Active Learning of Linking Rules¤

Introduction¤

Active learning infuses expert knowledge and creates new relationships between properties of two datasets. We can learn new rules and refine existing rules.

Usage¤

Active learning is a special case of machine learning in which a learning algorithm interactively queries a user to label new data points with the desired outputs. [wikipedia]

In Corporate Memory we apply this approach to the process of learning a linking rule by interactively label records from the configured source and target dataset. Labeling in this case means to indicate if the pair of resources (from source and target) should be connected with the configured property. The labeling process creates reference links against which the linking rule can be created and further refined as more input is given by the user.

Our active (link) learning is a three step process:

It starts by define properties to compare between entities of the selected datasets.
We continue with the interactive labeling process where user feedback is asked, the golden record build and a rule (automatically) calculated and refined (as more reference links are entered)
Saving the learned rule and/or the reference links only

Start the learning dialog¤

Link learning is a feature available on a link rule in a Build project. See the Lift data from tabular data such as CSV, XSLX or database tables tutorial to learn how to setup a project. Use the Create button in your project and select Linking to create a new linking rule. In the configuration dialog of your linking rule and setup source and target datasets as well as the linking property that should be yielded. Start the learning dialog by clicking the “Learning” tab in the linking view.

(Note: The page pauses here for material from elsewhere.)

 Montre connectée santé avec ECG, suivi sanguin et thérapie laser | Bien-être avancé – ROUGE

The examples process below uses the movies example project which can be added to your workspace with the Add “movies” example project button to be found in the user menu in the top right corner.

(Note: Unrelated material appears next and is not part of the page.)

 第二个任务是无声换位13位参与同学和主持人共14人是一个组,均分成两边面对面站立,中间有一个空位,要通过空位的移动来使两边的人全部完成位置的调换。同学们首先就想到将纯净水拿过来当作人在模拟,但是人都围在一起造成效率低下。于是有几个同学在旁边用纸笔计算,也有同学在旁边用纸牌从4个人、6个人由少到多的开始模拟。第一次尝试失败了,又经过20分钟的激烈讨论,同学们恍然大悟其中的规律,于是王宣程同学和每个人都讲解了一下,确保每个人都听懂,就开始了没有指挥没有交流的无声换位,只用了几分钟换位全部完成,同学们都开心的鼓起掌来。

Creating an automatic link rule¤

Choose properties to compare. Select from the suggestions or search them by specifying property paths for both entities.

Note

Based on the dataset suggestions for comparison are produced.

Add property paths for both entities¤

Click on the Source path and select a path.
Click on the Target path and select a corresponding path.
Click on the icon to add the path pair to be examined in the learning algorithm.

Success

Step Result: Both entities’ paths were added.
Click on icon to remove the paths.
Click on Start learning.

Note

Clicking on the icon uses the property value as the entity label, unselecting the icon removes the property value from the entity label. Multiple properties can be starred to use them as a combined label.

Success

Step Result: The comparison in both paths will be reflected as shown below.

Cross-check the similarity between the source and target path data with regards to the configured link property (owl:sameAs in this example).

Confirm: If the source and target title names are the same, click on Confirm and it is shown in dark blue colour.

Uncertain: If the title names differ slightly, we can consider the link uncertain. As it might be a spelling mistake, we cannot ensure it is the same nor can we say it is different. If the title names are different it is displayed in light blue colour.

Decline: If the title names of source and target path are different,click on decline and it displayed in light blue colour.
On the right side of the page click on the 3 dots, then click on show entity’s URI.

Success

Step Result: It shows the link entity URIs along with rows numbers in both the dataset files.

Click on Save based on our input confirm, uncertain and decline the link rule will get generated automatically and the score changes for these entities in the score bar.

Switch on the save best learned rule, then click on save.

Success

The new automatically created linking rule based on the input training data consisting of confirmed, uncertain and declined links is shown below. It tokenize all the input values from the connected source path and compares the data with target paths.